なぜ「トップダウン」の理念は、社員の右耳から左耳へ抜けていくのか?
社長が、どんなに熱い想いを込めて、理念を語っても、それが一方的な“お説教”に聞こえてしまうのは、なぜでしょうか。
- 「やらされ感」が、心を閉ざすから
人は、他人から与えられた言葉よりも、自らが見つけ出した言葉を、大切にします。トップダウンで与えられた理念は、社員にとって、「社長の言葉」であり、「会社のルール」ではあっても、「私たちの想い」には、なりにくいのです。 - 「日常業務」との、繋がりが見えないから
「世界を、もっと豊かに」という、壮大な理念を聞かされても、現場で働く社員は、「で、明日の私の仕事と、それが、どう関係あるの?」と感じてしまいます。理念と、日々の業務の間に、橋が架かっていないのです。
理念を、社員の“自分ごと”にする「3つの仕掛け」
仕掛け①:「対話」の仕掛け ― 理念を“マイ・ストーリー”に変換させる
理念浸透は、「対話」から始まります。月に一度、あるいは、週に一度、チームミーティングの時間に、5分だけ、理念について語り合う時間を、設けましょう。
- テーマ例:「今週、私たちのバリュー(価値観)である『挑戦』を、体現した仕事は、何だった?」
- 進め方:メンバーが、一人ひとり、自分の経験を元に、「私にとっての『挑戦』とは、〇〇の仕事でした」と、“マイ・ストーリー”として、語り合います。 この対話を通じて、抽象的だった理念の言葉が、具体的な、手触りのある物語へと、変わっていきます。
仕掛け②:「行動」の仕掛け ― 理念を“日々の口ぐせ”に変える
次に、理念を、いつでも、どこでも、意識できる「ツール」を作ります。それが、「行動指針(クレド)」を記した、名刺サイズのカードです。

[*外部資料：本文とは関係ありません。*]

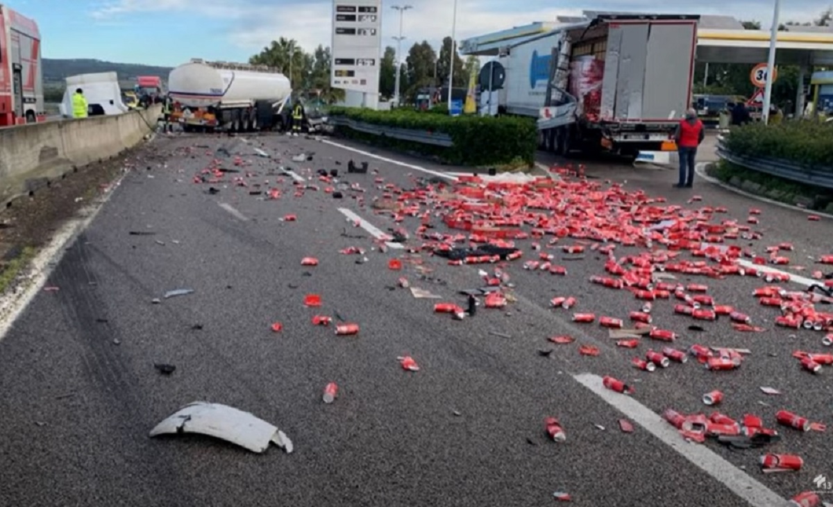 Palagiano (Taranto): centinaia di Coca-Cola in lattina sulla Statale 106. Per fortuna il danno maggiore, e spettacolare, è stata l’improvvisa marea di lattine di Coca-Cola a invadere la carreggiata. Poteva finire molto peggio lo scontro fra Tir occorso questa mattina sulla Statale Jonica 106. All’altezza di Palagiano, in provincia di Taranto.

- クレドカードの作成:「私たちは、〇〇な時、△△します」といった、具体的な行動レベルの言葉に、理念を“翻訳”し、カードにして、全社員に配布します。
- 日常での活用:会議の冒頭で、クレドを唱和したり、上司が部下を褒める時に、「今の行動は、うちのクレドの、〇〇そのものだね。素晴らしいよ!」と、クレドの言葉を“口ぐせ”のように、使ったりします。 これにより、理念が、特別なものではなく、日々の仕事の、当たり前の「共通言語」へと、変わっていきます。
仕掛け③:「承認」の仕掛け ― 理念の実践を“会社の宝”にする
最後に、理念に基づいた、素晴らしい行動が、きちんと「見つけられ」「褒められ」「評価される」仕組みを作ります。
- サンクスカード制度:クレドを実践した仲間に、感謝の気持ちを、カードで送り合う。
- 月間MVP表彰:売上などの数字だけでなく、「今月、最も、私たちの理念を体現した人」を、全社員の前で表彰する。
- 人事評価制度への組み込み:理念やクレドの実践度合いを、人事評価の、正式な項目の一つとする。
理念を実践した人が、きちんと報われる。この「承認」の仕組みがあって初めて、理念は、会社に、深く、そして、永続的に、根付いていくのです。
まとめ
理念浸透とは、社長の想いを、社員の頭に、無理やり「インストール」する作業ではありません。 それは、社員一人ひとりの中に、すでに眠っているはずの「良心」や「誇り」と、会社の理念を、結びつけてあげる、丁寧な“対話”のプロセスです。
「対話」で、自分ごと化し、「行動」で、習慣化し、「承認」で、文化とする。
この、地道で、しかし、着実な「仕掛け」の積み重ねが、あなたの会社を、社長一人が、旗を振るだけの一人相撲の組織から、全社員が、同じ方向を向いて、自発的に進む、一枚岩のチームへと、変えていくのです。